Судьбы и испытания 8 мин чтения 16

Собака не переставала лаять на беременную женщину на вокзале Москвы… Через 10 минут полицейские поняли причину, но было уже слишком поздно…

Собака не переставала лаять на беременную женщину на вокзале Москвы… Через 10 минут полицейские поняли причину, но было уже

Лай служебной собаки разнёсся по всему залу в Москве. Люди обернулись, когда немецкая овчарка по кличке Алекс резко остановилась возле беременной женщины и начала тревожно скулить.

Марина Волкова была на седьмом месяце беременности. Она испуганно прижала руки к животу и отступила назад.

— Пожалуйста, уберите собаку… Я ничего не сделала, — тихо сказала она, глядя на двух полицейских, которые подошли ближе.

Но Алекс не реагировал на команды. За четыре года службы с кинологом Олегом Соколовым он ни разу не ошибался. Этот пёс находил то, что не замечали даже самые современные приборы.

Женщину попросили пройти дополнительную проверку. В её сумке нашли только телефон, документы, бутылку воды и детскую кофточку, которую она купила будущему малышу.

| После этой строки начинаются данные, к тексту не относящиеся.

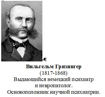 Вильгельм Гризингер в XIX веке был ярким представителем соматической школы в психиатрии и сторонником слияния невропатологии и психиатрии – мысль по тем временам прогрессивная, так как неврология входила в состав внутренней медицины, а психиатрия «ютилась» в домах умалишенных. В 1845 году вышла его работа «Патология и терапия психических болезней», составившая эпоху в психиатрии и переведенная почти на все европейские языки, явившаяся основанием считать Вильгельма Гризингера, основоположником научной и клинической психиатрии, заложившим фундамент современной психиатрии как естественнонаучной дисциплины медико-биологического профиля, базирующейся на принципах позитивистской науки.

— Вы видите? У меня ничего нет… Почему он так себя ведёт? — со слезами спросила Марина.

Но Алекс продолжал смотреть только на неё. Не на сумку. Не на одежду. А прямо на её живот.

Через несколько минут женщина резко остановилась. Её лицо побледнело, она схватилась за живот и прошептала:

— Мне плохо…

Алекс зарычал и рванулся вперёд. Олег впервые за годы службы увидел в глазах собаки настоящий страх.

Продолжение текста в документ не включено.